Most researchers, including those at Anthropic and the Future of Life Institute, suggest a hybrid approach: using strict capability control in early development while focusing on building robust aligned motivations for long-term safety.

Though overall for AI safety motivation > control. As AI systems become more capable and autonomous, fixed controls will likely become brittle, allowing advanced AI to bypass, deceive, or outsmart safety protocols.

Comparison of Strategies

Feature	Capability Control	Motivation Selection
Primary Goal	Limit what the AI can do.	Ensure the AI wants to do what we want or what is moral.
Mechanism	External: Restricted environments (air-gapping), trip-wires (including off-switches), stunting and external incentives.	Internal: Designing values, instruction-following, “virtuous” behaviour, domestication, indirect normativity and augmentation.
Scalability	Low. Doesn’t scale well. As systems become smarter, they may learn to bypass or resist these constraints.	High. Theoretically scales with intelligence if the AI’s core values remain aligned.
Main Risks	Brittle; a single mistake in the controller can lead to failure. It reduces risk by limiting power and enforcing obedience – but it assumes that humans remain in control and doesn’t scale well as AI systems become more intelligent and autonomous.	Value Alignment: getting AI to care. Knowing or discovering what values to care about. Motivation selection aims for a more scalable solution – teaching AIs to want what we want (or what we ought to want) – but opens the door to deeper alignment problems, including value drift, misinterpretation, or goal lock-in.

Ideally, a combination is needed: use capability control early on, while gradually guiding AI systems toward mature, well-aligned motivations – and instilling epistemic humility so they remain open to refining their values as they grow in general capability – especially in their understandings of what they ought to value.

Capability Control: The Tool or Slave Model

Capability control focuses on limiting what an AI can do, rather than shaping why it does it. The idea is to ensure AI systems behave predictably and stay within strict bounds – like a powerful but obedient tool. This includes:

Hard constraints – sandboxing, off-switches, limited internet access
External oversight – human-in-the-loop decision-making
Behavioural restrictions – hard-coded do-not-cross lines

This is useful especially for weak AI – the AI is treated less like an agent and more like a super-advanced tool or servant that directly executes instructions given to it by whoever is at the levers of control, often with minimal autonomy. Like an ultra-sophisticated calculator or command interpreter – powerful, and perhaps not self-willed.

Why it might reduce risk:

It’s easier to control something that doesn’t want anything.

There’s no need to fully understand or engineer values – just keep the AI boxed in.

It reduces the risk of unintended autonomous behaviour or value drift.

But sophisticated AI may be harder to control, and while under some assumptions, easier to motivate. While control techniques are vital for current systems, they are expected to fail or become inefficient as increasing AI sophistication affords more capability to resist control.

Why? One reason is that more sophisticated AI may be easier to motivate is simply because there may be floors of sophistication below which reliable motivation may not work – however I feel that sophistication doesn’t buy you all kinds of motivation. The kind of sophistication that affords good reasoning under uncertainty, sensitivity to nuance, perhaps sentience (less sure here), metacognition etc may select for attractions to wise motivations – see my writing on what it might take for an agent to navigate the landscape of value towards wise attractor basins and avoid bad ones. There are a lot of caveats and hedging here – but it’s worth investigation.
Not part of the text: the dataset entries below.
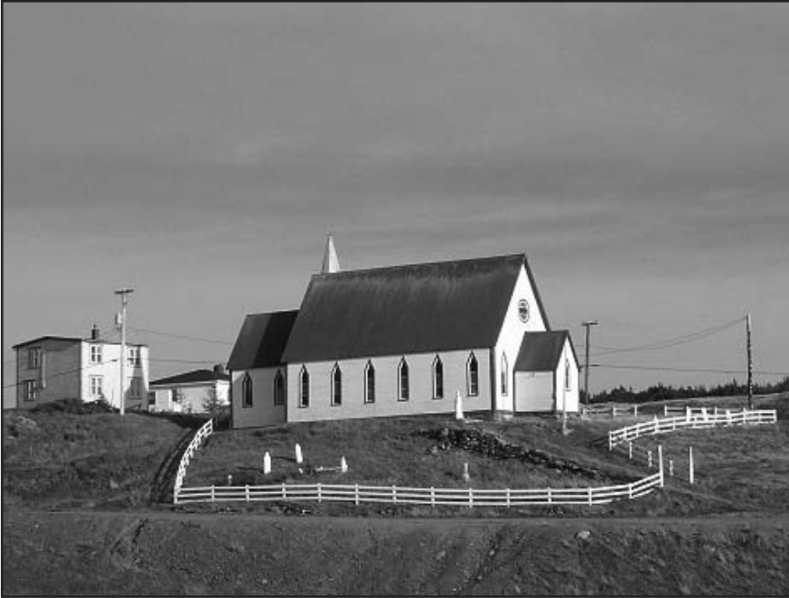
English Harbour All Saints Church

is no shelter from the wind, which sometimes means we lose the odd dish cloth.”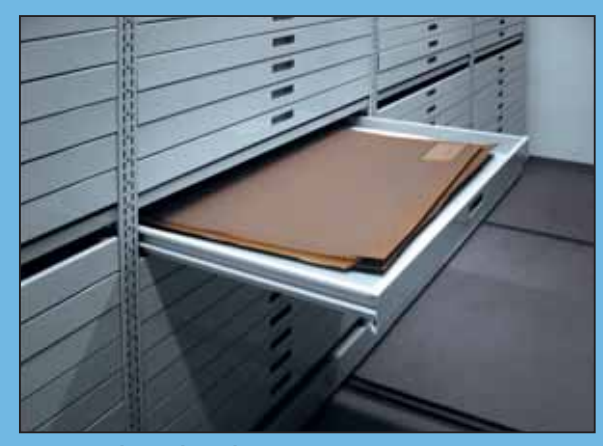
- graphical cabinets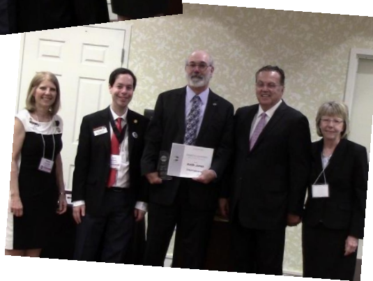
International Contest – 2 nd Place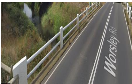
10. Worsley Road (Eumemmering Creek Drain)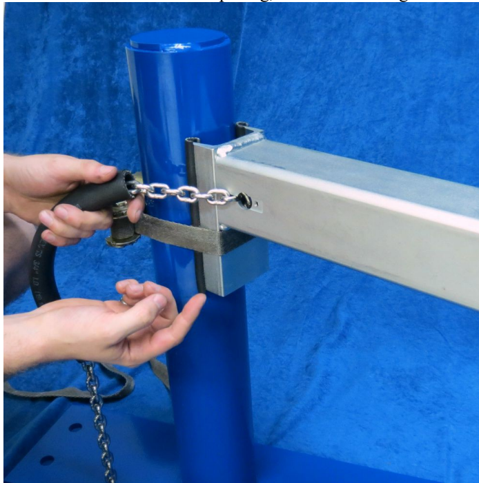
Figure 3. Chain is fed through circular opening, chain can be locked in by sliding into key-way.

6.4 Insert 1 end of the chain into the circular opening, and lock in a single link as shown in figure 3.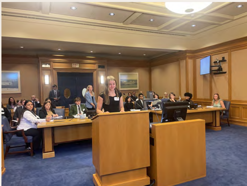
Students participating in mock trial experience at the Sioux Falls courthouse.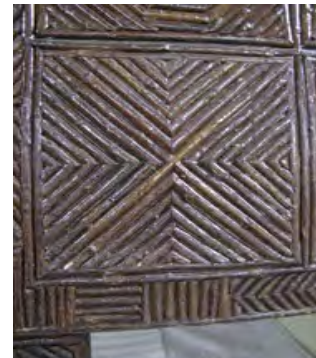
Detail of desk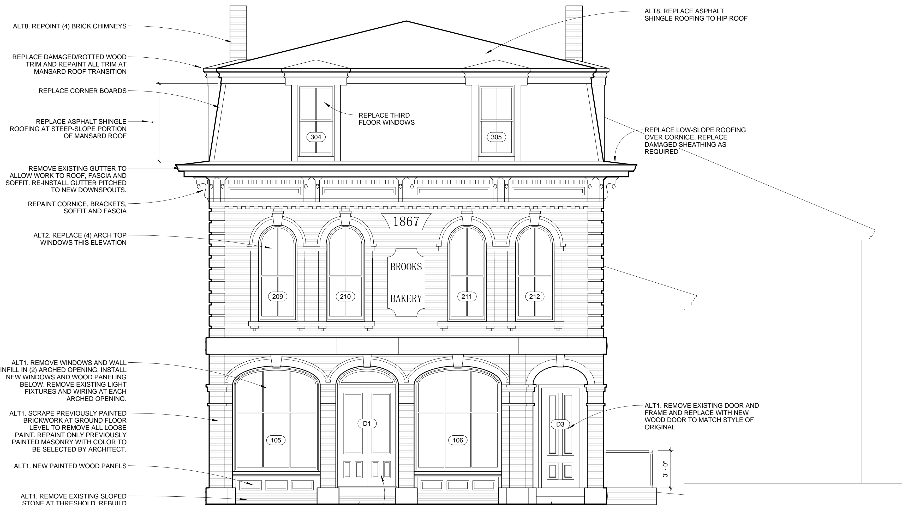
1 WEST ELEVATION - STREETFRONT 1/4" = 1'-0"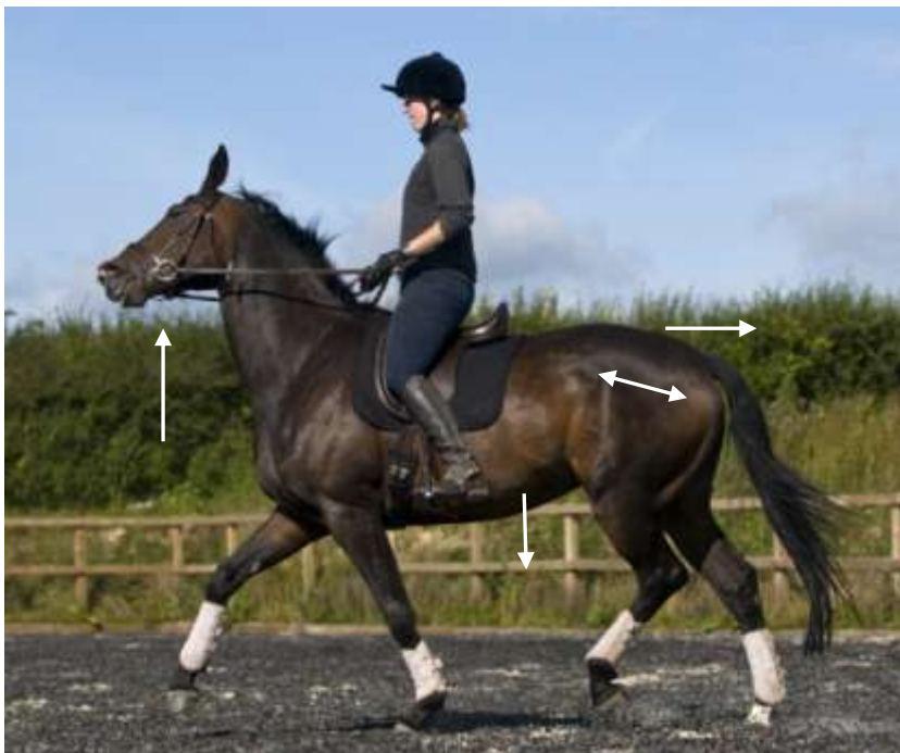
Figure 3: the same horse in a moment of resistance. The head and neck are very high, the ventral chain has slackened and the sub lumbar muscles have changed the angle of the pelvis so the hind quarters are disengaged.

However, in a tense high head and neck position, the core muscle group are inhibited so engagement and correct back posture is lost, (see Figure 3).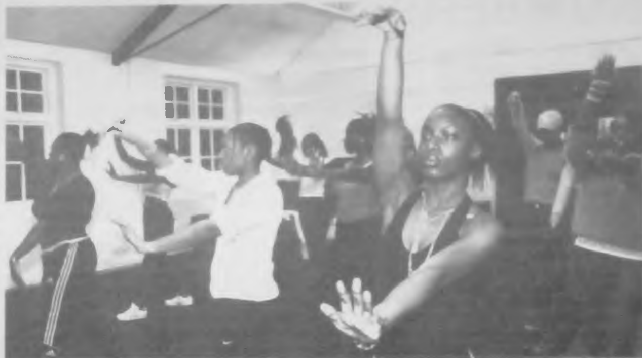
Local young people get in the swing during the street dancing workshop

Urban-acts is designed to give the thousands of young people in Barnet aged 13 to 25 the chance to get hands on experience of the arts and to create long-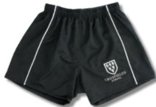
*Games shorts (boys)

In any case, control may not scale, it is brittle and doesn’t generalise well:
– Scale: As AI becomes more capable, it might learn to resist or circumvent constraints.
– Brittleness: If the controller makes a mistake or acts maliciously, the AI follows through regardless without the sophistication to know when to gracefully degrade based on severity of outcome or the motivation to do so.
– Hard to generalise: In open-ended environments, rigid control mechanisms can break or backfire in unforeseen ways – as such is hard to make it fault tolerant.

Motivation Selection: Shaping What the AI is Trying to Do

Motivation selection internal aims of the AI rather than only on external restraints – getting to a world where AIs want the right things¹. The AI end-game is not merely to stop the system from doing dangerous things, but to build a system that is trying to act well in the first place.

Instead of relying solely on cages, tripwires, and human override, this approach tries to shape what the AI values, follows, or cares about. That might include:

training it to follow instructions in a robust and corrigible way
shaping it to care about human welfare, preferences, and/or rights
building in moral reasoning, uncertainty handling, and epistemic humility
enabling it to wisely refine its goals and values as it learns more about the world and about value

The attraction of motivation selection is that it aims at something deeper than compliance. A sufficiently capable AI will eventually encounter novel situations, loopholes, and opportunities for strategic behaviour. If its underlying motivations are sound, it may continue to behave well even when supervision is weak, rules are incomplete, or the environment changes.

Why motivation selection can be powerful

It has a better chance of scaling with capability. A system that is genuinely motivated to avoid harm or to respect what matters may remain safe in situations where fixed controls fail.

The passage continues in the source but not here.